At present, just 12,124 people in Saint Vincent and the Grenadines have been recorded as vaccinated – about 11 people in every 100. Meanwhile, wealthier countries have far higher vaccination rates: Israel stands at 119 doses administered per 100 people, the United Arab Emirates at 93 per hundred people, the UK at 59 doses per 100 people, and the United States at 57 per hundred people. Such inequity will not only cost lives in deaths from Covid-19, but has now, and will continue to produce, a vaccine lottery in humanitarian crises.

This grotesque inequity is creating a situation where vaccinated lives are worth more than their unvaccinated counterparts, and the World Health Organisation (WHO) has consistently lambasted wealthier countries for driving this vaccine inequality. “There remains a shocking imbalance in the global distribution of vaccines,” said Director General of the WHO, Tedros Adhanom Ghebreyesus, on Friday. “On average in high-income countries, almost one in four people have received a Covid-19 vaccine. In low-income countries, it’s one in more than 500.” And while certain cruise ship companies have said they will only require a negative PCN test to board evacuation vessels in St Vincent, like vaccines there is an inequity in testing capacity and pandemic response resources. At the start of the pandemic last year, the World Bank provided $4.5 million in funding to help support St Vincent’s pandemic response as part of a broader scheme to assist developing countries.

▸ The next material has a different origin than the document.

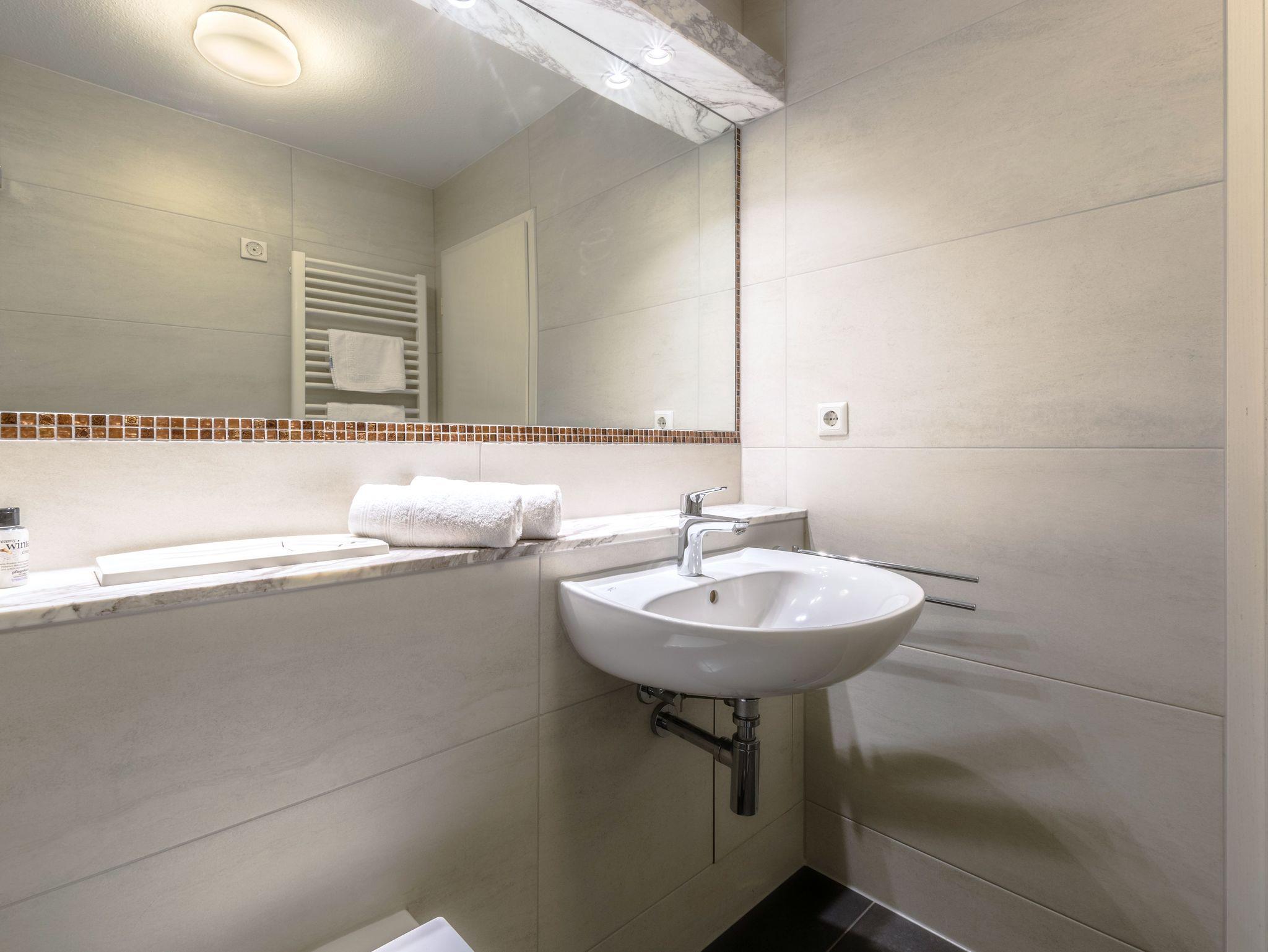 Das helle Badezimmer verfügt über eine Dusche und ein Fön ist ebenfalls vorhanden.

In the UK, vaccine passports have mainly become a debate centred around the libertarian consequences of introducing them. Labour have described vaccine passports as “un-British”, and Conservative backbenchers have described them as “discriminatory” and “entirely incompatible with freedom.” But, as is apparent with the developing situation in St Vincent, the consequences of vaccine passports have another, more sinister aspect to them. The international normalisation of blanket vaccine passports, like vaccine inequality, have the potential for a devastating human cost. 

As smoke billows out of La Soufrière, refugees on St Vincent are trapped between lava and rescue vessels denying them entry over a vaccine the overwhelming majority of them have not yet been offered. So, while in theory passports may appear convenient to many, the negative repercussions that go beyond libertarian concerns cannot be overlooked; a one dimensional approach to vaccine passports ignores the multifaceted and potentially lethal challenges they create.